Alert, streamlined Mozart with inner life
Santa Fe Listener | Santa Fe, NM USA | 02/12/2006
(5 out of 5 stars)
"Since the period performance movement has commandeered Mozart, large orchestras sound too fat and heavy for his music--yet they stilll want to play it. Adapting to the new style is one alternative, as Levine shows here with a somewhat reduced Chicago Sym., faster tempos, and more repeats than in the old days. This definitely isn't the Mozart of Beecham and Klemperer, not even of Bernstein and Karajan, who kept to the romantic tradition and used full orchestras. As with so much that he conducts, Levine sounds like his mentor George Szell, but with a softer, more yielding touch.

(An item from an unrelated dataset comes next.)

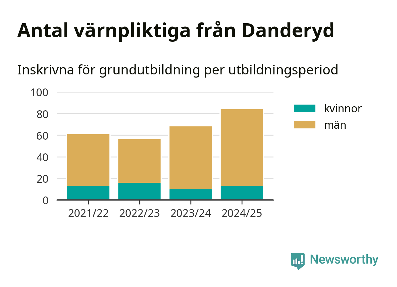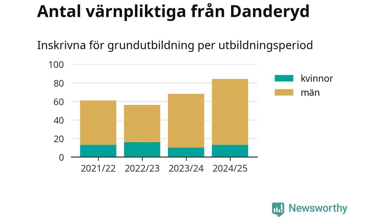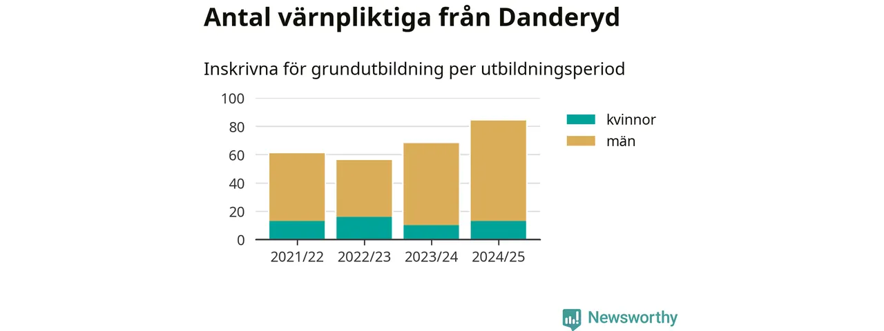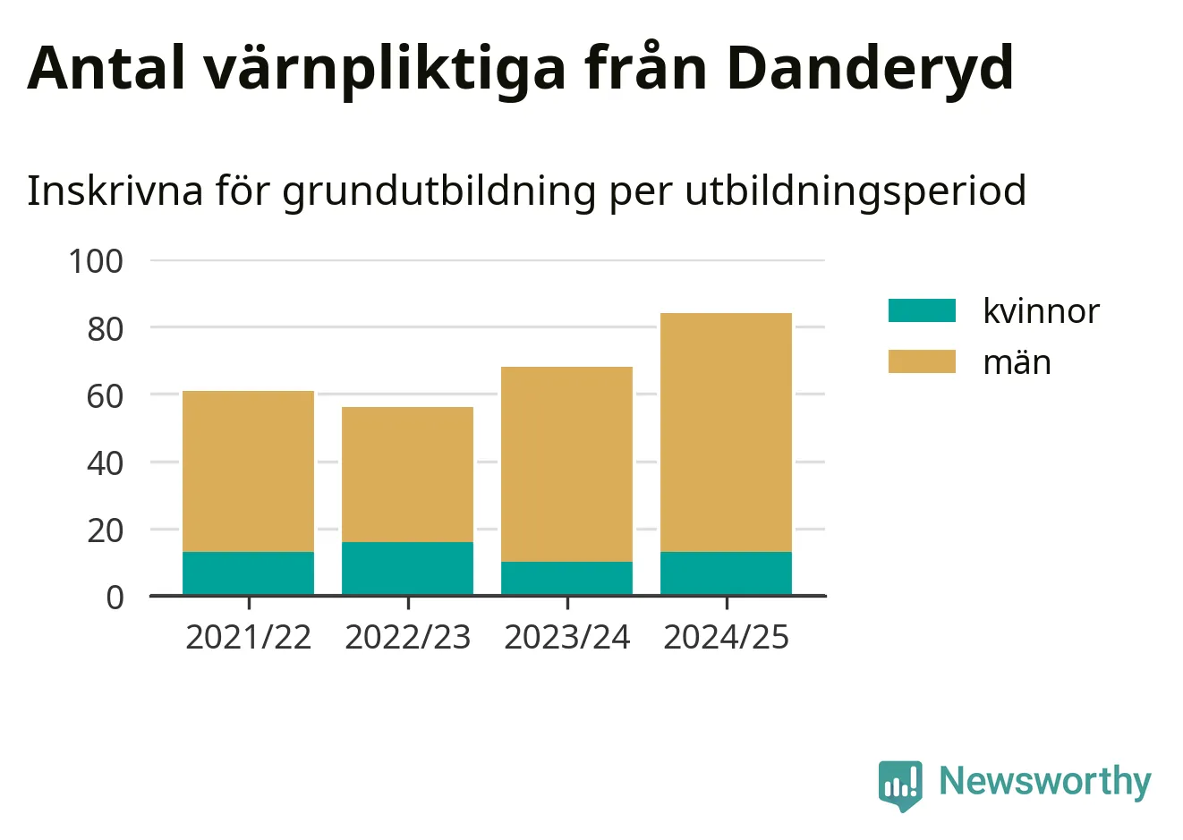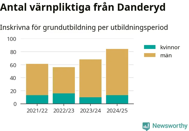 Antalet värnpliktiga från Danderyd ökar stadigt, visar siffror från Plikt- och prövningsverket. Under det här värnpliktsåret, med utbildningsstart från juni 2024 till början av 2025, är 84 värnpliktiga inskrivna för att påbörja sin grundutbildning. Det är den högsta siffran åtminstone sedan 2021/22, vilket är så långt bakåt vi har siffror på kommunnivå. Den allmänna värnplikten återinfördes 2018.

Levine's later DG recordings of Mozart with the vienna Phil. are more special than this one; there's no substitute for the Viennese sonority. Even so, the CSO plays quite beautifully, with real sensitivity to Rcccoco style. I wish Levine hadn't taken every repeat in the slow movement of the G minor; at 15 min., this movement is now longer than the first and third put together. Also, the sound at full volume is a bit edgy in high registers. But Levine is keenly alert, and the playing has real inner life.
In all, a fine adaptation of big-band Mozart to a modern sensibility."